Writing and statistics¶

Dataset writer for saving problem-solution pairs in multiple formats.

This class handles saving datasets with nested structure support up to 2 levels. It can save data in pickle (binary), raw text, and JSON Lines formats.

Attributes:

Name	Type	Description
`INNER_SEP`	`str`	Separator for single-level lists (" \| ")
`OUTER_SEP`	`str`	Separator for nested lists (" \|\| ")
`save_dir`	`Path`	Base directory for saving datasets
`save_text`	`bool`	Whether to save raw text files
`save_json`	`bool`	Whether to save JSON Lines files
`_file_handles`	`dict`	Dictionary to store open file handles

Parameters:

Name	Type	Description	Default
`save_dir`	`str \| None`	Base directory for saving datasets. If None, uses current working directory.	`None`
`save_text`	`bool`	Whether to save raw text files. Text files use "#" as separator between problem and solution, with nested structures joined by separators.	`True`
`save_json`	`bool`	Whether to save JSON Lines files. JSON Lines files preserve the original nested structure format, with one sample per line.	`True`

Note

Pickle files are always saved as they are the primary format for data loading.
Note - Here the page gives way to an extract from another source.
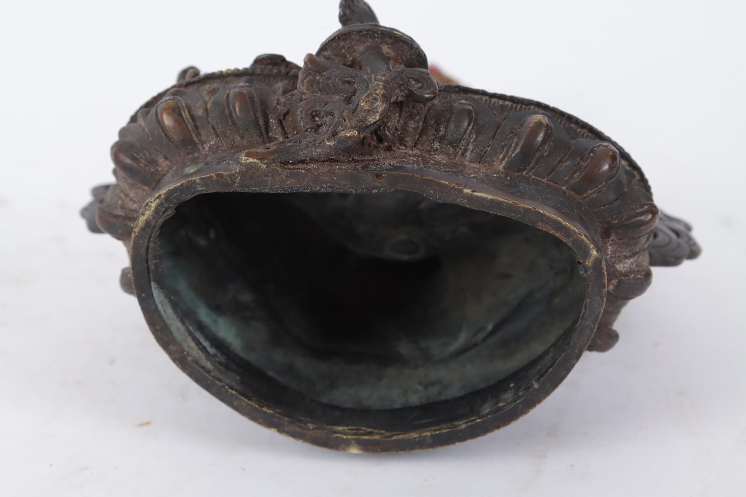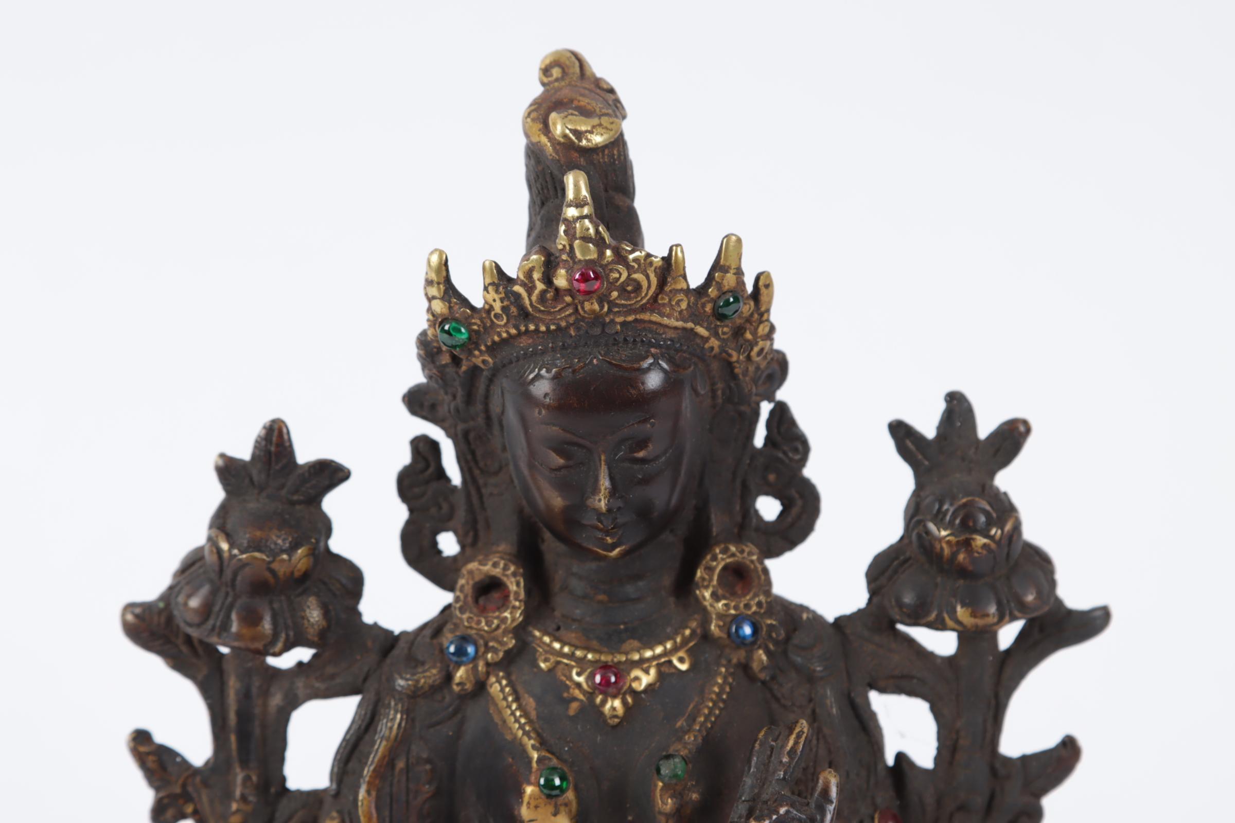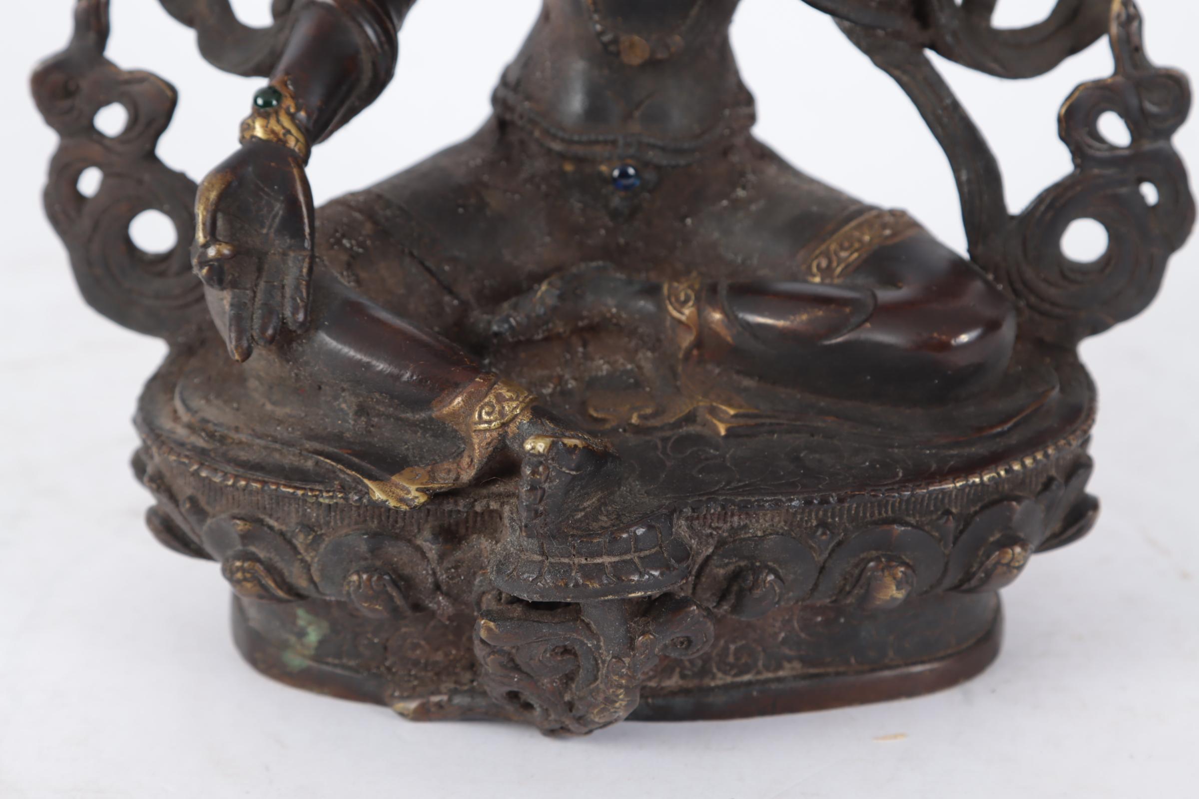Bronzen met steentjes ingelegd Boeddha beeld, h.21 cm.

Text and JSON Lines files are optional and controlled by save_text and save_json flags.

Usage

Efficient batch processing with file handle management¶

writer = DatasetWriter(save_dir="./datasets") writer.open("train") # Open file handles once try: for batch_idx, samples in enumerate(batches): writer.save_batch(samples, tag="train", batch_idx=batch_idx) finally: writer.close("train") # Close file handles

Or use context manager¶

with DatasetWriter(save_dir="./datasets") as writer: writer.open("train") for batch_idx, samples in enumerate(batches): writer.save_batch(samples, tag="train", batch_idx=batch_idx) writer.close("train")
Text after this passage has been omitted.